Minister of Commerce and Industry
- In office 17 September 1971 – 14 December 1971
- Governor: Abdul Motaleb Malik

Member of the National Assembly of Pakistan
- In office 1962–1965
- Succeeded by: Master Abdul Aziz
- Constituency: NE-21 (Bakerganj-IV)

Personal details
- Born: 1930 Backergunge District, Bengal Presidency, British India
- Party: Convention Muslim League
- Education: University of Dacca Brojomohun College
- Occupation: Politician

= Akhtaruddin Ahmad =

Bangladeshi politician

Akhtaruddin Ahmad (আখতার উদ্দিন আহমদ; born 1930) was an East Pakistani barrister and politician. He was a member of the 3rd National Assembly of Pakistan and later moved to Saudi Arabia.

==Biography==
Akhtaruddin Ahmad was born in 1930 in Nabagram, Backergunge District, Bengal Presidency, British India (present-day Jhalokathi District, Bangladesh). After obtaining his bachelor's with honors from Brojomohun College, Barisal, he enrolled at the University of Dacca. There, in 1952, he completed his post-graduation in political science—the same year he became a member of the Constituent Assembly of Pakistan—and later, in 1954, earned a postgraduate degree in law. During this period, he served as president of the East Pakistan Muslim Students' League. In 1958, he returned to the country as a barrister from Britain and began practicing law at the Dacca High Court. He was a member of the 3rd National Assembly of Pakistan, representing Bakerganj-4. He was affiliated with the Convention Muslim League and served as its vice-president, as well as president of the Pakistan Peasants and Workers Confederation. During the Bangladesh Liberation War in 1971, he was appointed as commerce and industry minister in the Malik ministry of East Pakistan.
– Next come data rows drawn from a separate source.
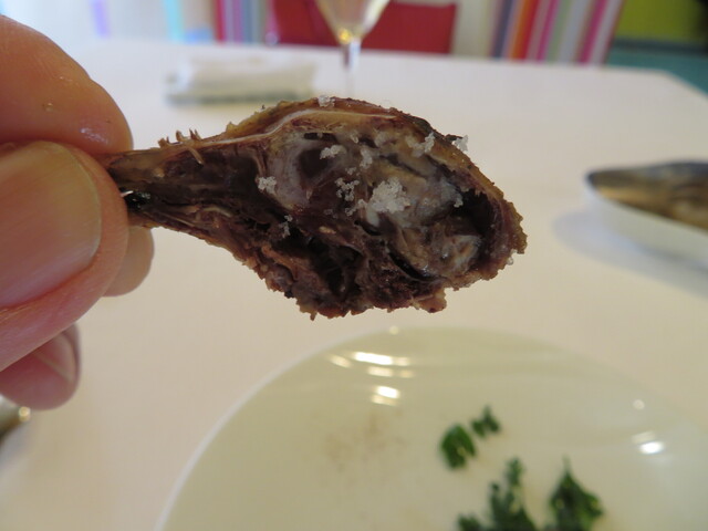 上にゲランドの塩をつかったグラスが乗っており、所々に塩味がアクセントとなっている。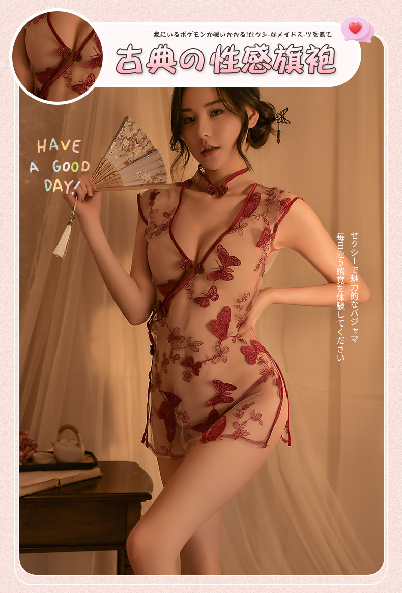 밤 재미 란제리 여름 섹시한 관점 잠옷 유혹 복고풍 중공 나비 수용성 수 놓은 치파오 유니폼스토어 가기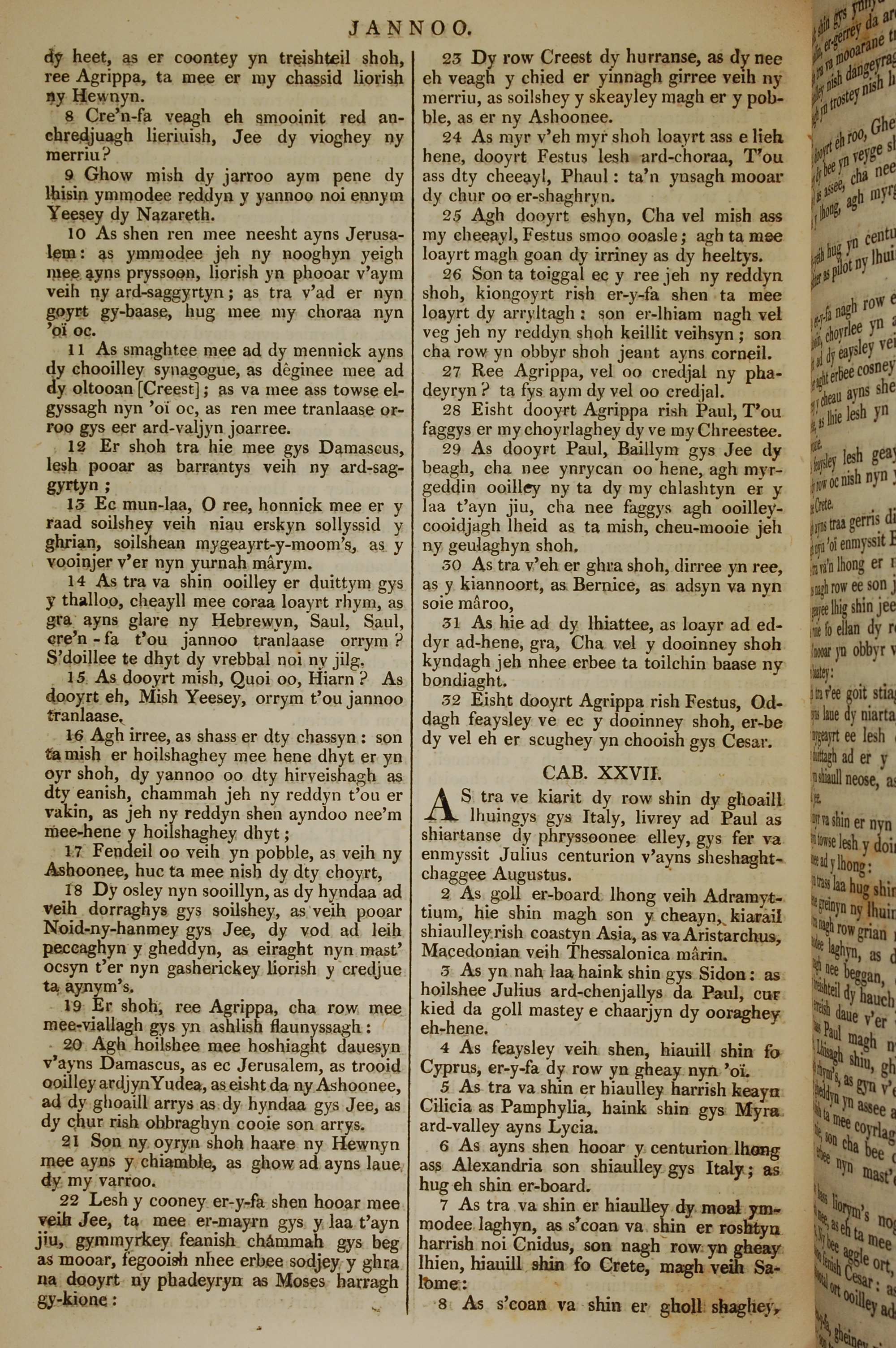 1819年曼島語聖經 使徒行傳 26 章 8 節到 27 章 8 節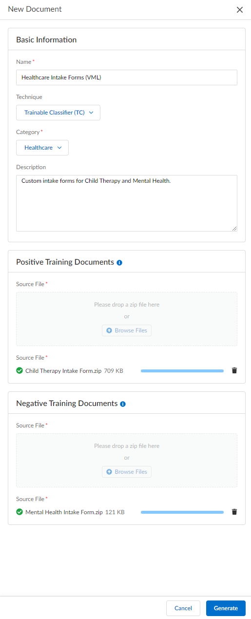 - Enter a Name for the custom document.For the Technique, select Trainable Classifier (TC).Select the document Category.Enterprise DLP uses the document category to group together similar types of documents for administrative purposes.You can specify one of the following predefined categories—Academia, Confidential, Employment, Financial, Government, Healthcare, Legal, Marketing, or Source Code.(Optional) Enter a Description for the custom document.Enterprise DLP supports up to 300 characters.Upload a .zip file for the Positive Training Documents and a .zip file for the Negative Training Documents.Enterprise DLP requires you add at least one positive and at least one negative training document.For the Source File for either, Browse Files to select the .zip file. Before you upload, review the upload requirements:

After Bangladesh gained independence, on 24 December 1971, the Government of Bangladesh arrested him for collaborating with Pakistan during the war. He was released on 30 November 1973 after the government declared a general amnesty for detained cabinet members. Later, he moved to Saudi Arabia, where he began working as a legal advisor for Saudia.